Would you print the lines below exactly, beginning at the line that has "急雨洒高城,企业热情增,各地" and stopping after the line that has "Organic Vegan Men's"? Only those lines, and no pictures.

■ Record extracts ■
* * * *
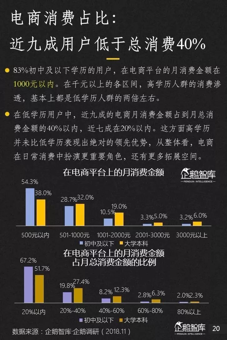 淘宝、京东、天猫仍然占据了最重要的市场份额,拼多多成为新崛起者。在消费额度,占比等方面,低学历人群均呈现出值得期待的潜力。
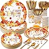 350 Pcs Thanksgiving Fall Party Supplies Maple Leaf Dinnerware Set Disposable Plates Napkins Paper Cups Plastic Cutlery for Autumn Thanksgiving Harvest Party Decor Serves 50(Pumpkin)
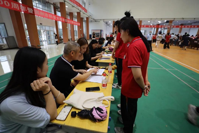 急雨洒高城,企业热情增,各地用人单位冒着风雨驱车赶来。据悉,参与洽谈会的有74家企业,提供300余个工作岗位供学生选择,既有滨州中裕食品有限公司、华纺股份等本市企业,也有海尔智家、海信日立空调系统有限公司、上汽通用五菱、奇瑞汽车、齐鲁制药等外地企业。
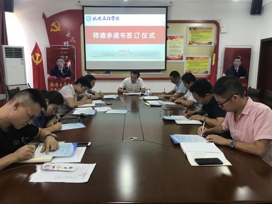 节日期间,该院利用网站主页、微信公众号、制作微视频等宣传形式,突出今年教师节主题,积极营造浓厚的节日氛围。9月10日下午,该院召开教师座谈会。号召教师要成为学生做人的镜子,以身作则、率先垂范,以高尚的人格魅力赢得学生敬仰,以模范的言行举止为学生树立榜样,把真善美的种子不断播撒到学生心中。座谈会上与全体教师签订教师师德承诺书。另外,该院新入职教师与全校新教师一起向国旗庄严宣誓,郑重承诺履行教师职责、落实教师誓词,进一步坚定了广大教师始终不忘教书育人初心、牢记立德树人使命,争做“四有好老师”的理想和信念。
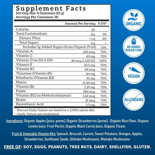 Organic Vegan Men's Multivitamin Gummies - 120 ct Strawberry Flavor - No Added Sugar - Whole Food Chewables - 30 Day Supply
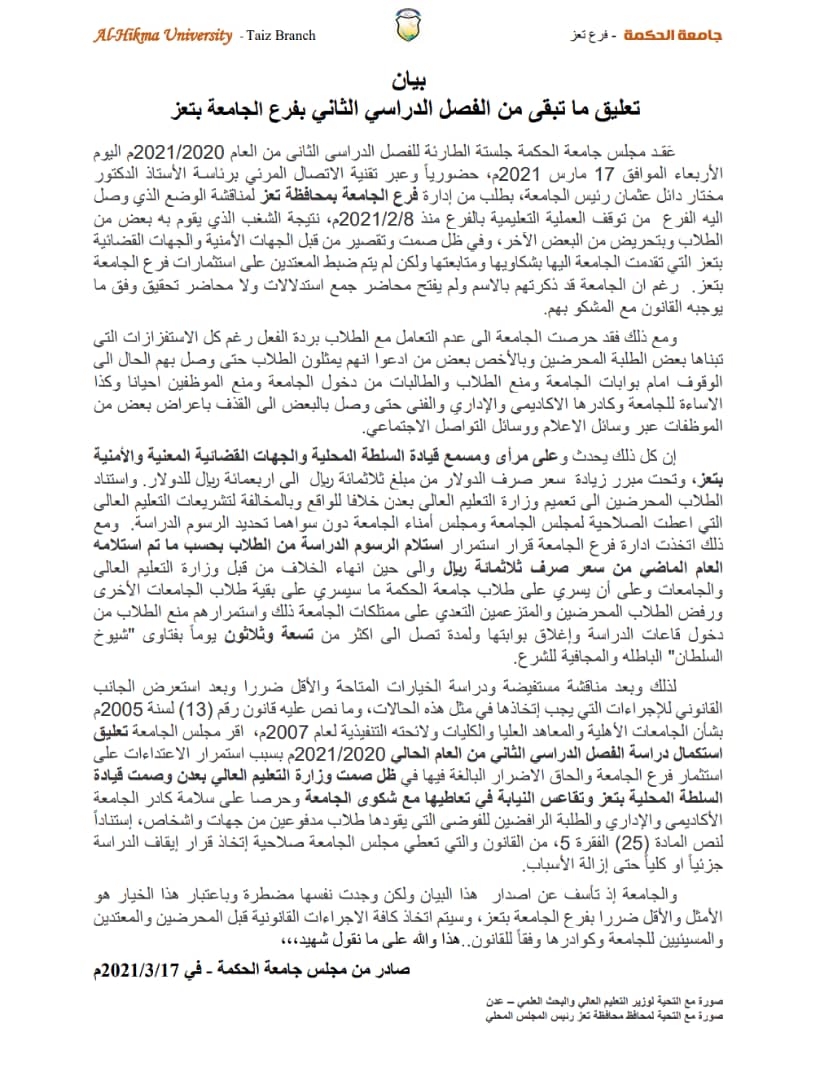 «مجلس جامعة الحكمة - تعز» يعلن تعليق استكمال الفصل الدراسي الثاني2020/2021م بسبب استمرار الاعتداءات على استثمارات الجامعة ويحمل الجهات الحكومية المسؤولية (بيان)
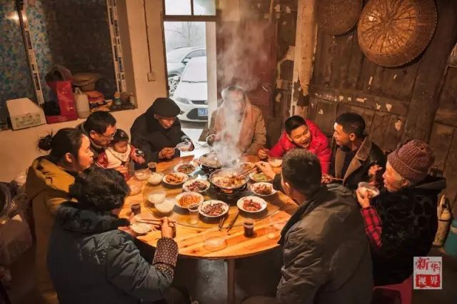 湖北省建始县花坪乡张家槽村的一户家庭围坐一起吃团圆饭。新华社发(周阿寒 摄)
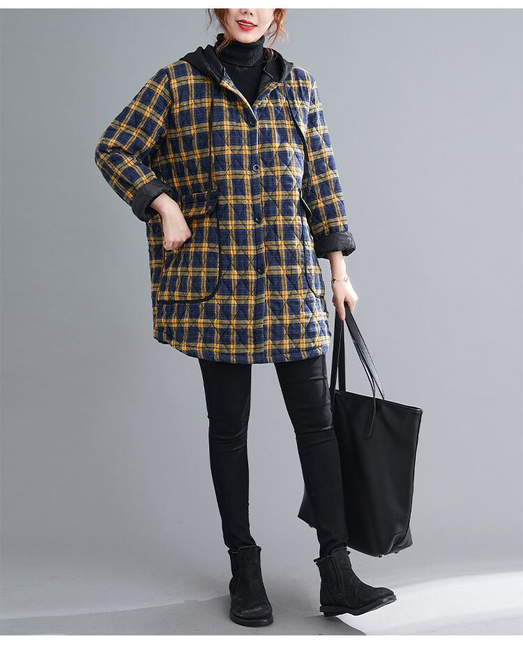 送料無料୨♥୧ オータムウィンタールーズコート フードイエローレッド格子柄ジャケット ヴィンテージアウター 秋物 冬物 ビンテージ AOS3337654308
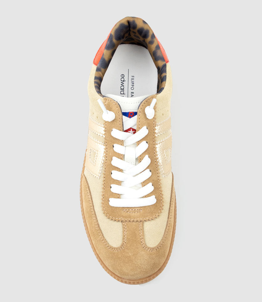 The JESTER sneaker by Filippo Raphael for Edward Meller blends sporty charm with refined craftsmanship. Crafted with a leather upper and fabric lining, it delivers a breathable and durable design. The removable leather-topped inner sole enhances comfort and versatility, making the JESTER an effortlessly stylish choice for everyday wear. Perfect for pairing with both casual and elevated looks.
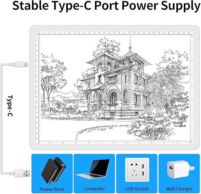 • 【 Standard A4 size, CM-INCH double scale 】 This super bright lightpad Overall Size is 35.2 x25.4 x 0.9 cm ( 13.9 x 10.0 x 0.35 inches ), and the visual working area is 31.6 x 21.8 cm ( 12.5 x 8.6 inches ). Illuminated area large enough for international standard A4 paper. This Light Drawing Sketch Pad has a dual scale of centimeters and inches to meet your various usage habits.
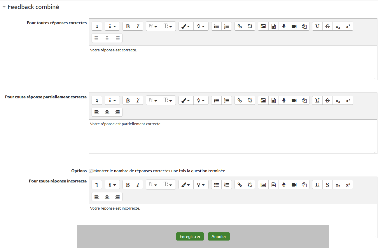 - Associez à vos questions un feedback : commentaire de correction ou de renforcement.
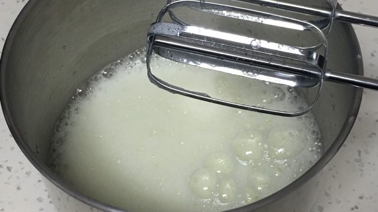 2. 用打蛋器高速搅打50圈,蛋白变白蓬发,再加入15克细砂糖。
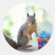 Um esquilo se posiciona entre dois presentes embrulhados intensamente nesta fotografia original.
* * * *
■ Your response ■
 急雨洒高城,企业热情增,各地用人单位冒着风雨驱车赶来。据悉,参与洽谈会的有74家企业,提供300余个工作岗位供学生选择,既有滨州中裕食品有限公司、华纺股份等本市企业,也有海尔智家、海信日立空调系统有限公司、上汽通用五菱、奇瑞汽车、齐鲁制药等外地企业。
 节日期间,该院利用网站主页、微信公众号、制作微视频等宣传形式,突出今年教师节主题,积极营造浓厚的节日氛围。9月10日下午,该院召开教师座谈会。号召教师要成为学生做人的镜子,以身作则、率先垂范,以高尚的人格魅力赢得学生敬仰,以模范的言行举止为学生树立榜样,把真善美的种子不断播撒到学生心中。座谈会上与全体教师签订教师师德承诺书。另外,该院新入职教师与全校新教师一起向国旗庄严宣誓,郑重承诺履行教师职责、落实教师誓词,进一步坚定了广大教师始终不忘教书育人初心、牢记立德树人使命,争做“四有好老师”的理想和信念。
 Organic Vegan Men's Multivitamin Gummies - 120 ct Strawberry Flavor - No Added Sugar - Whole Food Chewables - 30 Day Supply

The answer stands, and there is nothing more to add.